Many published predictive radiomic models are available to explain the factors associated with disease and treatment, however, such models lack standardized assessments of their performance, reproducibility, and/or clinical utility [32]. Although the current study was retrospective, we standardized the scanning parameters and procedures to ensure uniformity and to avoid selection bias. In addition, the maximum slice was chosen to segment the tumor in this study. Tumor segmentation methods are still inconclusive, with most studies choosing to segment the tumor maximum slice, the height of this method depends on the reader's choice of the maximum slice, and seems to lack an analysis of focal spatial heterogeneity.
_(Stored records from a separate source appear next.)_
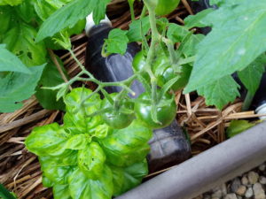 トスカーナバイオレット(手前)第一果房は後一つ、第二果房は今膨らんでいます。奥のトスカーナバイオレットの第二果房です。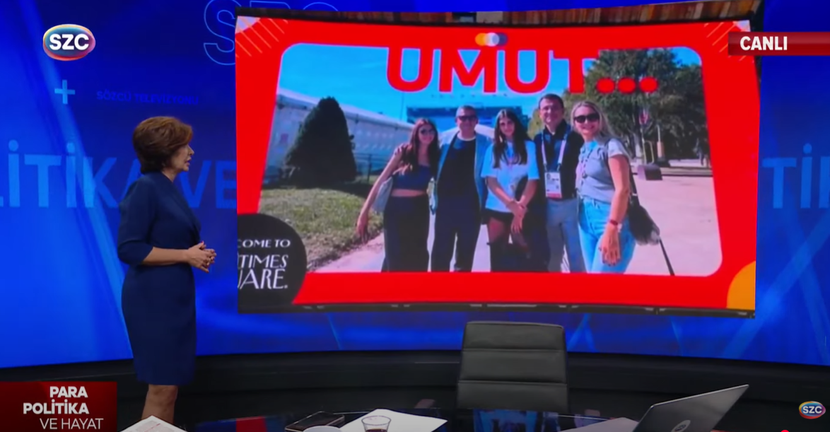 “New York’ta karşılama hazırlandı. Times Meydanı’nda dev ekranda Türk diasporası ve gençler özellikle bir fotoğraf bulmuşlar. Fotoğrafta Ekrem İmamoğlu ve eşi, kızları, Özgür Özel ve onun kızı var ve üzerine de umut yazılmış. Bu fotoğrafla bir ilan vermişler ve umut yazmışlar ve Erdoğan’ı bu fotoğraf karşılıyor”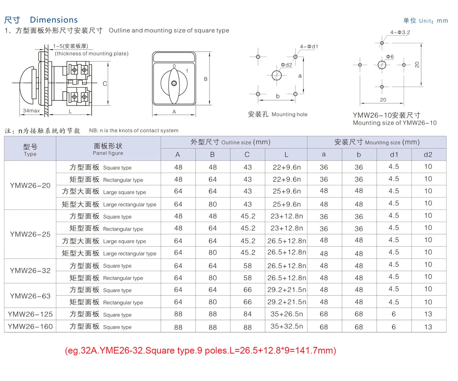 YMW26-209 кулачковый переключатель, универсальный переключатель 20A...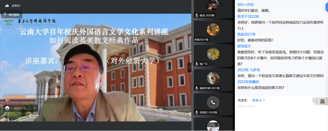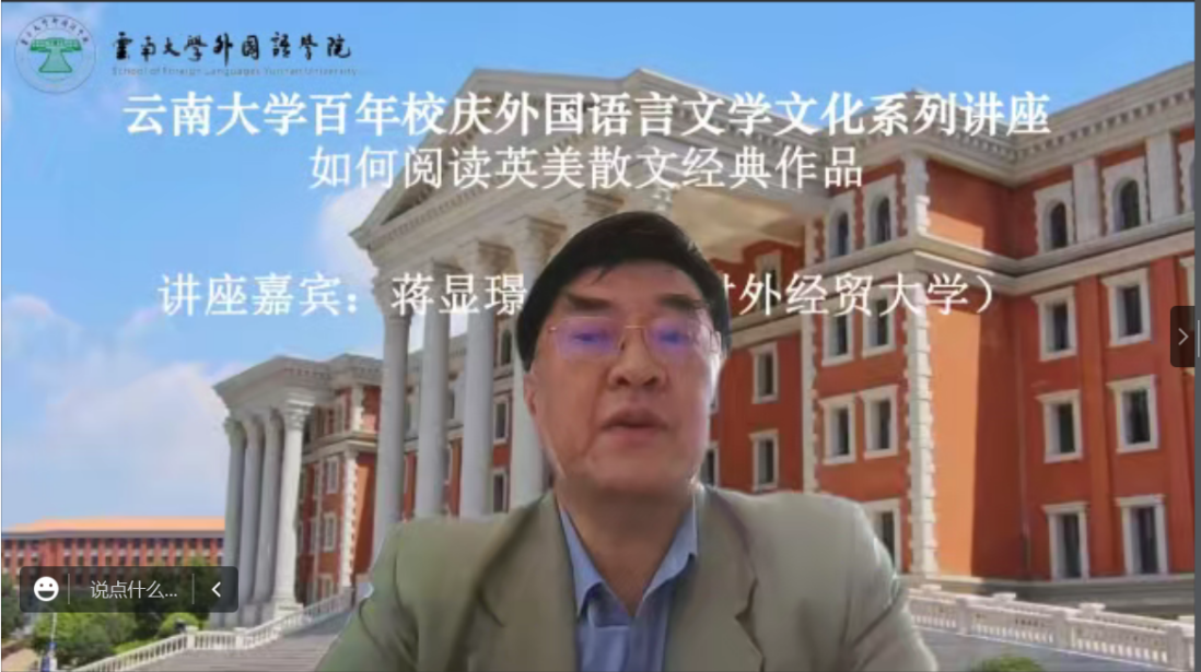 2022年11月25日,著名英美文学研究专家、对外经济贸易大学英语学院英语系原主任蒋显璟教授应邀为公司师生做了一场题为“如何阅读英美散文经典作品”的精彩讲座。本次讲座是“z6com·尊龙百年校庆外国语言文学文化系列讲座”之一,以在线的方式进行。该讲座由公司英语系副系主任刘衍老师主持,公司和兄弟院校的百余位师生以线上的方式聆听了该讲座。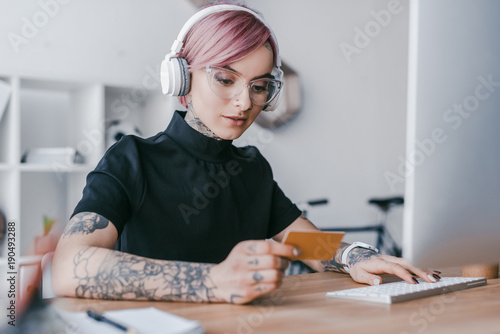 young businesswoman in headphones holding credit card and using desktop computer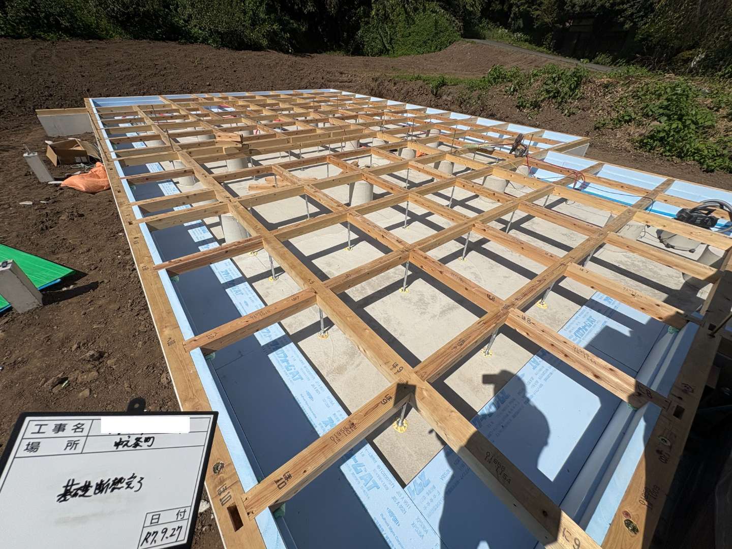 本物件では、土台敷きを行いながら基礎断熱施工を進めました。
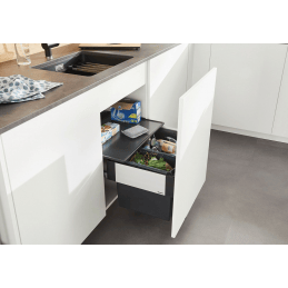 Systém je určen pro spodní skříňky se šířkou 60 cm a umožňuje pohodlné třídění odpadu v samostatných nádobách s ergonomickými úchyty.

However, unlike solid organs, the volume of interest from the ROIs of continuous slices may not accurately represent the true shape of the primary lesion [6, 30] due to the growth properties of RC. Therefore, the maximum slice of segmentation may be a more appropriate way of segmentation.

This study also had the following limitations. First, the sample size was not sufficiently large, and thus, the sample size should be expanded to reduce the impact of the data size on the accuracy of the results. The proportion of LNM in the patients in this study was low, resulting in an unbalanced sample size. Second, manual segmentation was used when sketching the ROI. Compared with semi-automatic and automatic segmentation methods, manual ROI segmentation introduces more subjectivity, which will then affect the accuracy of extracting radiomic features. Third, the proportion of LNM in the included patients was also low, which resulted in an unbalanced sample size. Last, our study was conducted based on a single institution without including the test set. To maximize the possibility of model repetition and reproduction by other institutions, the images were resampled, the feature extraction procedure followed that of the IBSI and the poorly reproducible features were excluded by ICC. Although the validation set, which is not involved in building the model, can play a role in testing the effect of the model. However, the best test method is to test the reproducibility and generality of the model through an independent external test set, for which multi-center study is an effective approach.

Conclusion

In conclusion, the nomogram model constructed based on T2WI radiomics and MRI had good diagnostic efficacy for LNM in patients with RC, and provided a new option for precise personalized clinical management.